Quote every entry word for word.
#### Input for this task
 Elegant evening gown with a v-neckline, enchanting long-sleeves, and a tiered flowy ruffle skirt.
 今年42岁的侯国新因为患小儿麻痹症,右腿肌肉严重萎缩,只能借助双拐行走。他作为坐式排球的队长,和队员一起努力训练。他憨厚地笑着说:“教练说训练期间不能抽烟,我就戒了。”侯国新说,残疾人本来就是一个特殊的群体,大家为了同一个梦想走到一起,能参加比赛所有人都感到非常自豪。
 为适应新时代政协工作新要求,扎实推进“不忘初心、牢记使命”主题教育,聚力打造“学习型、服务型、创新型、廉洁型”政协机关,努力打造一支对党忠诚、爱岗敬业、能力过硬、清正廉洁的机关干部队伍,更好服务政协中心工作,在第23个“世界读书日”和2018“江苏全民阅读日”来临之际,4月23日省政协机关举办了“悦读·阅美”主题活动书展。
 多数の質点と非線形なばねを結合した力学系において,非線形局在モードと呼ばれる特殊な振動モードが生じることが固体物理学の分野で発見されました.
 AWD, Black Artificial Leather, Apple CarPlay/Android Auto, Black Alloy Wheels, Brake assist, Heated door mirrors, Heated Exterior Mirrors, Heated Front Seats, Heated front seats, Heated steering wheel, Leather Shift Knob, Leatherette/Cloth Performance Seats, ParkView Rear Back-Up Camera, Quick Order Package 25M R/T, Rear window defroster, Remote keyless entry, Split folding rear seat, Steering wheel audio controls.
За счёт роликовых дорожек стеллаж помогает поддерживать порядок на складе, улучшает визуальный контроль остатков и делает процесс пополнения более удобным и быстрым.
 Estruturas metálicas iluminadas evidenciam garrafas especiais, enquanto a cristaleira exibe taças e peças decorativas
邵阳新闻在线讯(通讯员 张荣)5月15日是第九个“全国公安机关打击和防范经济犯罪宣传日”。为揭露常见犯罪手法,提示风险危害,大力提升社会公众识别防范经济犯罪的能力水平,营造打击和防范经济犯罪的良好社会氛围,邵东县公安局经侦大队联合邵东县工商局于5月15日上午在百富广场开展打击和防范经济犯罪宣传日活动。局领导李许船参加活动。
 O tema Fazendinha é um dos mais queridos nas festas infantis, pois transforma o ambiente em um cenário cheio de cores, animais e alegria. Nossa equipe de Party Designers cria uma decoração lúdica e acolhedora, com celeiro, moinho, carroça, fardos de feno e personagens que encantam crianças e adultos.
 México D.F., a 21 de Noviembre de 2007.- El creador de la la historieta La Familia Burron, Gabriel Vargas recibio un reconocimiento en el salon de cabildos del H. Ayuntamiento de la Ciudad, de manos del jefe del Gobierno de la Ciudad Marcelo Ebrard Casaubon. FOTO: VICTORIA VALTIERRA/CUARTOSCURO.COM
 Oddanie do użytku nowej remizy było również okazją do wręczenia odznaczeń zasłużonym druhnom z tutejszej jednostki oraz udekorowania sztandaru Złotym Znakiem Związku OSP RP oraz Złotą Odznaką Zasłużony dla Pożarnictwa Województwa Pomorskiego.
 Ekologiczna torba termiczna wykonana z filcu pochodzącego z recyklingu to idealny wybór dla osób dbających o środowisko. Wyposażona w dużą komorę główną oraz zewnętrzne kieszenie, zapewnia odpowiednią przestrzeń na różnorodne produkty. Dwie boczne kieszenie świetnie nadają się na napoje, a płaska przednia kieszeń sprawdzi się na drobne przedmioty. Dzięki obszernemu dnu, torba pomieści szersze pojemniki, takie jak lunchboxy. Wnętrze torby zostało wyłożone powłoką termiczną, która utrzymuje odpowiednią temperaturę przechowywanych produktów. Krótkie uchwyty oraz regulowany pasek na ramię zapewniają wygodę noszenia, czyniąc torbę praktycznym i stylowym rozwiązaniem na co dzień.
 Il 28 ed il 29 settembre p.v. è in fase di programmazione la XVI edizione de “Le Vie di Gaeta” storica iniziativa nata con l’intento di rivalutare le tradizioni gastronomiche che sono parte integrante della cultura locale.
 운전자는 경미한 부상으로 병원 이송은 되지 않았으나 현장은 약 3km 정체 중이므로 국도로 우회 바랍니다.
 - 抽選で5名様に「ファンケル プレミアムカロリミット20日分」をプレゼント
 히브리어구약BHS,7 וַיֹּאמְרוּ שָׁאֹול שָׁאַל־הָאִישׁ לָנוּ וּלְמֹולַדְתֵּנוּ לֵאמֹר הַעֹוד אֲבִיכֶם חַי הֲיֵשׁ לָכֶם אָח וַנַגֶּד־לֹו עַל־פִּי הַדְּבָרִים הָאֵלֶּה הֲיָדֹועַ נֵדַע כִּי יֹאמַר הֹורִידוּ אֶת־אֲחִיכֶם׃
########
Reply:
 Elegant evening gown with a v-neckline, enchanting long-sleeves, and a tiered flowy ruffle skirt.
 今年42岁的侯国新因为患小儿麻痹症,右腿肌肉严重萎缩,只能借助双拐行走。他作为坐式排球的队长,和队员一起努力训练。他憨厚地笑着说:“教练说训练期间不能抽烟,我就戒了。”侯国新说,残疾人本来就是一个特殊的群体,大家为了同一个梦想走到一起,能参加比赛所有人都感到非常自豪。
 为适应新时代政协工作新要求,扎实推进“不忘初心、牢记使命”主题教育,聚力打造“学习型、服务型、创新型、廉洁型”政协机关,努力打造一支对党忠诚、爱岗敬业、能力过硬、清正廉洁的机关干部队伍,更好服务政协中心工作,在第23个“世界读书日”和2018“江苏全民阅读日”来临之际,4月23日省政协机关举办了“悦读·阅美”主题活动书展。
 多数の質点と非線形なばねを結合した力学系において,非線形局在モードと呼ばれる特殊な振動モードが生じることが固体物理学の分野で発見されました.
 AWD, Black Artificial Leather, Apple CarPlay/Android Auto, Black Alloy Wheels, Brake assist, Heated door mirrors, Heated Exterior Mirrors, Heated Front Seats, Heated front seats, Heated steering wheel, Leather Shift Knob, Leatherette/Cloth Performance Seats, ParkView Rear Back-Up Camera, Quick Order Package 25M R/T, Rear window defroster, Remote keyless entry, Split folding rear seat, Steering wheel audio controls.
За счёт роликовых дорожек стеллаж помогает поддерживать порядок на складе, улучшает визуальный контроль остатков и делает процесс пополнения более удобным и быстрым.
 Estruturas metálicas iluminadas evidenciam garrafas especiais, enquanto a cristaleira exibe taças e peças decorativas
邵阳新闻在线讯(通讯员 张荣)5月15日是第九个“全国公安机关打击和防范经济犯罪宣传日”。为揭露常见犯罪手法,提示风险危害,大力提升社会公众识别防范经济犯罪的能力水平,营造打击和防范经济犯罪的良好社会氛围,邵东县公安局经侦大队联合邵东县工商局于5月15日上午在百富广场开展打击和防范经济犯罪宣传日活动。局领导李许船参加活动。
 O tema Fazendinha é um dos mais queridos nas festas infantis, pois transforma o ambiente em um cenário cheio de cores, animais e alegria. Nossa equipe de Party Designers cria uma decoração lúdica e acolhedora, com celeiro, moinho, carroça, fardos de feno e personagens que encantam crianças e adultos.
 México D.F., a 21 de Noviembre de 2007.- El creador de la la historieta La Familia Burron, Gabriel Vargas recibio un reconocimiento en el salon de cabildos del H. Ayuntamiento de la Ciudad, de manos del jefe del Gobierno de la Ciudad Marcelo Ebrard Casaubon. FOTO: VICTORIA VALTIERRA/CUARTOSCURO.COM
 Oddanie do użytku nowej remizy było również okazją do wręczenia odznaczeń zasłużonym druhnom z tutejszej jednostki oraz udekorowania sztandaru Złotym Znakiem Związku OSP RP oraz Złotą Odznaką Zasłużony dla Pożarnictwa Województwa Pomorskiego.
 Ekologiczna torba termiczna wykonana z filcu pochodzącego z recyklingu to idealny wybór dla osób dbających o środowisko. Wyposażona w dużą komorę główną oraz zewnętrzne kieszenie, zapewnia odpowiednią przestrzeń na różnorodne produkty. Dwie boczne kieszenie świetnie nadają się na napoje, a płaska przednia kieszeń sprawdzi się na drobne przedmioty. Dzięki obszernemu dnu, torba pomieści szersze pojemniki, takie jak lunchboxy. Wnętrze torby zostało wyłożone powłoką termiczną, która utrzymuje odpowiednią temperaturę przechowywanych produktów. Krótkie uchwyty oraz regulowany pasek na ramię zapewniają wygodę noszenia, czyniąc torbę praktycznym i stylowym rozwiązaniem na co dzień.
 Il 28 ed il 29 settembre p.v. è in fase di programmazione la XVI edizione de “Le Vie di Gaeta” storica iniziativa nata con l’intento di rivalutare le tradizioni gastronomiche che sono parte integrante della cultura locale.
 운전자는 경미한 부상으로 병원 이송은 되지 않았으나 현장은 약 3km 정체 중이므로 국도로 우회 바랍니다.
 - 抽選で5名様に「ファンケル プレミアムカロリミット20日分」をプレゼント
 히브리어구약BHS,7 וַיֹּאמְרוּ שָׁאֹול שָׁאַל־הָאִישׁ לָנוּ וּלְמֹולַדְתֵּנוּ לֵאמֹר הַעֹוד אֲבִיכֶם חַי הֲיֵשׁ לָכֶם אָח וַנַגֶּד־לֹו עַל־פִּי הַדְּבָרִים הָאֵלֶּה הֲיָדֹועַ נֵדַע כִּי יֹאמַר הֹורִידוּ אֶת־אֲחִיכֶם׃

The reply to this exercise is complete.